3-2-1 backup rule: keep 3 copies of data, on 2 different media types, with 1 copy offsite. Protects against hardware failure (multiple copies), media failure (different types), and site disaster (offsite copy). Configuration backups for network devices follow the same principles — store configs in a version-controlled repository offsite.

Key exam facts — Network+

  • RPO = max acceptable data loss (drives backup frequency)
  • RTO = max acceptable downtime (drives DR site and technology choice)
  • Hot site: fully running, minutes to fail over (most expensive)
  • Warm site: partially equipped, hours to restore (common choice)
  • Cold site: space only, days to weeks to recover (cheapest)
  • Full backup: all data; differential: since last full; incremental: since last backup
  • 3-2-1 rule: 3 copies, 2 media types, 1 offsite

Common exam traps

RPO and RTO are the same metric

RPO = data loss tolerance (time-based, drives backup frequency). RTO = downtime tolerance (drives recovery infrastructure investment). A system can have low RPO (frequent backups, minimal data loss) but high RTO (slow recovery from backup) or the reverse

Practice questions — Disaster Recovery

These questions are representative of what you will see on Network+ exams. The correct answer and explanation are shown immediately below each question.

Q1.A company's DR plan requires that systems be restored within 30 minutes of a disaster. Which DR site type best meets this requirement?

A.Cold site
B.Warm site
C.Hot site
D.Mirrored archive

Explanation: A 30-minute RTO requires a hot site — a fully operational duplicate of the production environment with near-real-time data replication. Cold sites take days to weeks; warm sites take hours. The hot site can be activated within minutes by failing over to already-running systems.

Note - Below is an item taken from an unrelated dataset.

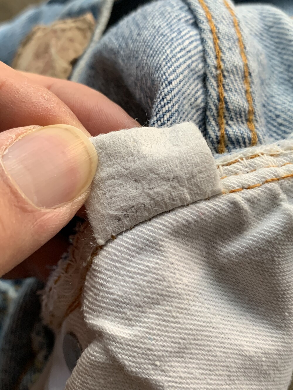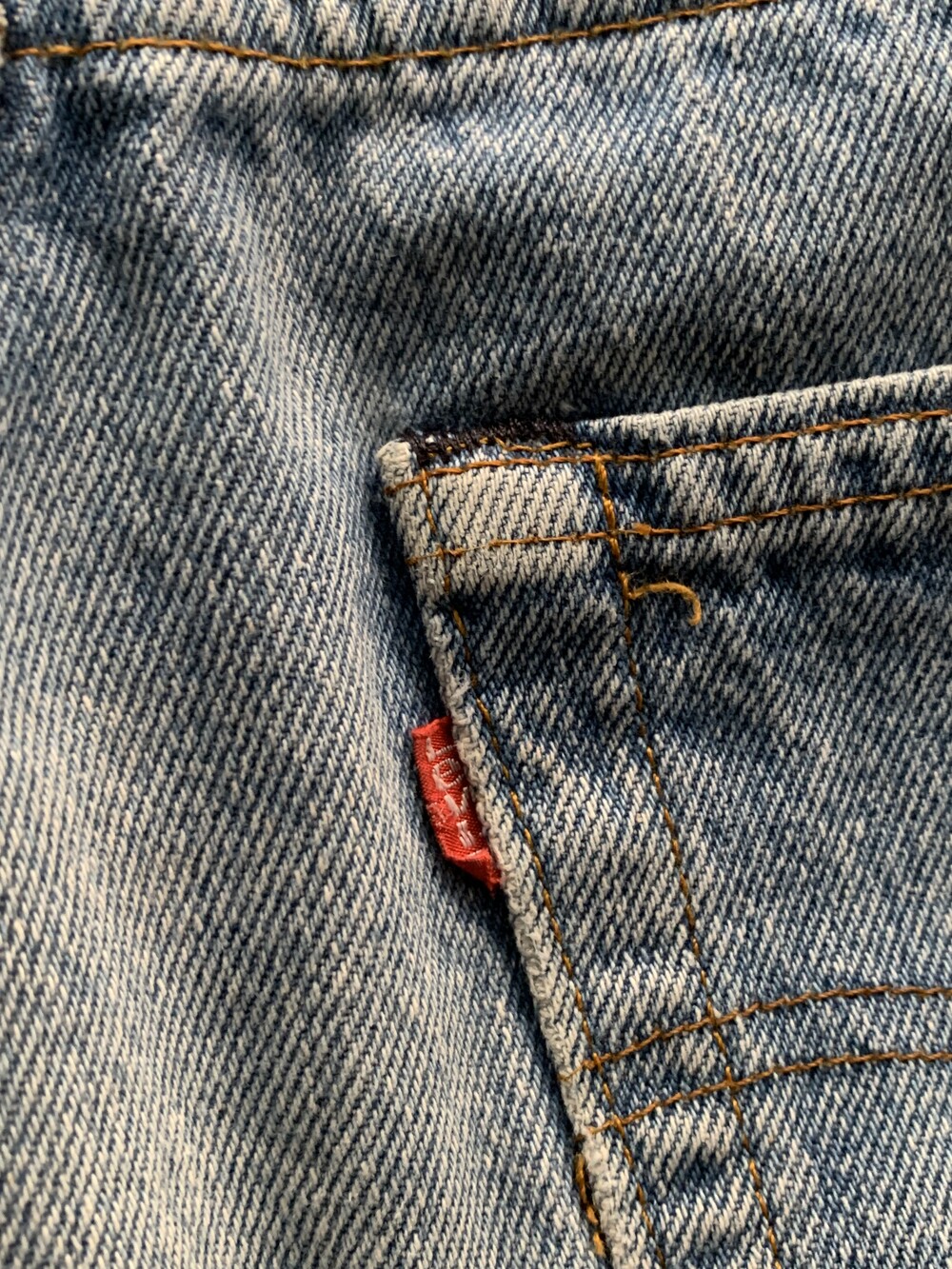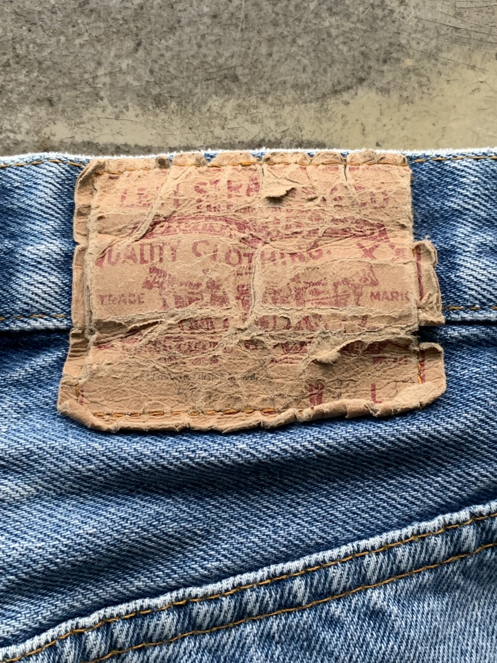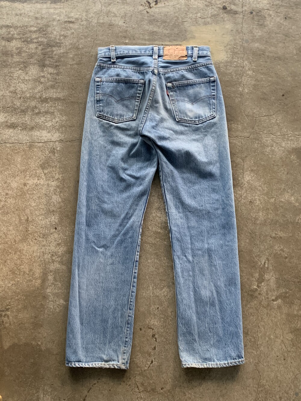 측면 셀비지 라인 없이 밑단이 체인스티치로 마감된, 66후기 모델과 동일한 원단을 사용했을 1980년대 초반 생산 리바이스 501 데님팬츠.

Frequently asked questions — Disaster Recovery

What is the difference between disaster recovery and business continuity?

Disaster recovery (DR) focuses on restoring IT systems and data after a catastrophic event. Business continuity planning (BCP) is broader — it covers how the entire organization continues essential business functions during and after a disaster, not just IT. DR is a component of BCP. BCP includes people, processes, and facilities in addition to IT systems.